SQL Server Intergration Service (SSIS) Architecture
This is an ETL tool a product of MicroSoft.
Integration services is a platform used in building high-performance data integration and workflow solutions, this includes extraction, transformation and loading process for data warehousing.
The data can be processed from various locations and various formats (source locations) and saved to a centralized repository as a Data Warehouse/Data Mart (destination).
Graphical tools and wizards too are included for building and debugging packages.
This is a component of SQL Server and is a descendant of Data Transformation Services-(DTS) that formed a part of SQL Server 7.0. From an end-user perception, DTS and SSIS look similar, but they are different. SSIS has been fully written from the beginning- a new enterprise ETL product and left behind many limitations of DTS. The differences among DTS and SSIS are quite large, and the internal SSIS architecture and DTS too is very different. It has separated the data Flow Engine from the control Flow Engine or SSIS Runtime Engine; designed to attain a higher degree of parallelism and progress the all over performance. Refer the diagram.
SSIS Architecture comprises of the two major components mentioned below
SSIS Runtime Engine
The SSIS runtime engine manages the control flow of a package. This saves the outlay of the packages, runs packages and supports logging, breakpoints, connections, configuration, and transactions. The Run-time engine is a parallel control flow engine which coordinates the implementation of tasks or units of work within SSIS and handles the engine threads which carry out the given tasks.
SSIS runtime engine implements the tasks within a package in a sequential manner. If a runtime engine come across a data flow task within a package while execution, it creates a data flow pipeline and allows that data flow task run in a pipeline.
The Integration service- run on windows is not similar to the SSIS runtime service or engine. It is not necessary only if the design and execution integration service packages are required. This service of windows can be started to handle SSIS packages, such as to connect to multiple SSIS servers, start/stop package in a remote area or locally, control the package store, import or export packages etc.

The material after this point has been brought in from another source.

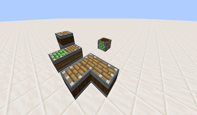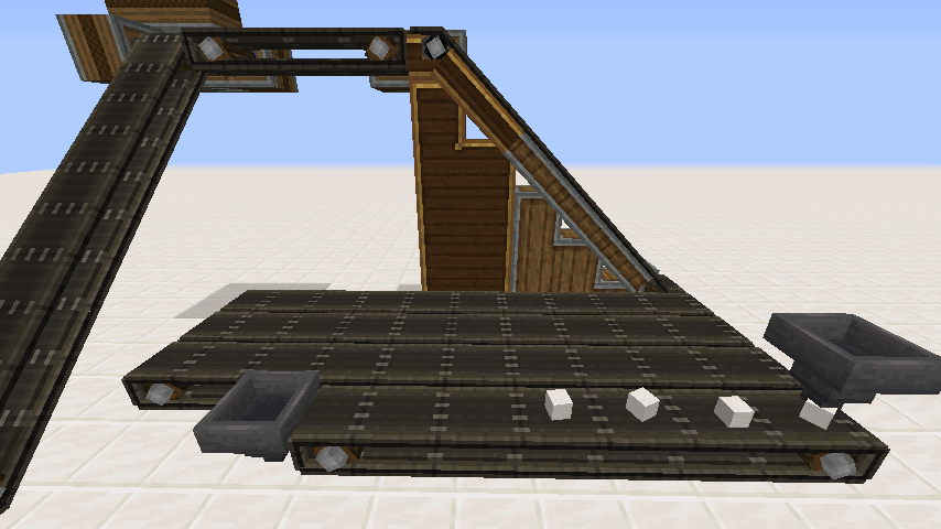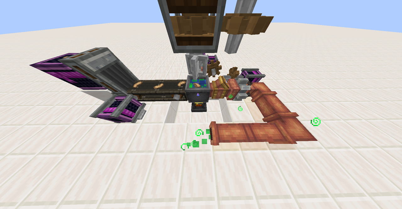 이전에 다룬 것처럼 그냥 벨트입니다. 바닐라 깔대기(Hopper)나 Create 깔대기(Funnel)를 활용하여 다음과 같이 구성할 수 있습니다.

SSIS Data Flow Engine/Pipeline
SSIS Data Flow engine or Data Flow Pipeline or transformation pipeline engine handles the data flow from the data sources, with transformations on to the target systems. While the execution of Data Flow Task, the SSIS data flow engine extracts the data from one or more sources of data, applies the required transformations and delivers it to one or more destination locations.
The Data flow engine works by buffering. It extracts the data from the source and stores the same in a buffer (memory structure) and applies the transformations in a buffer or memory itself instead of processing it row wise. Processing is much faster without physically copy/stage the data at every step of the data integration; the data flow machine manipulates the data while transferring from the source to the target system or location.
Both the above mentioned components are greatly influenced by the external to SSIS conditions, like network bandwidth and communication with the external systems like database servers, FTP servers or mailing servers.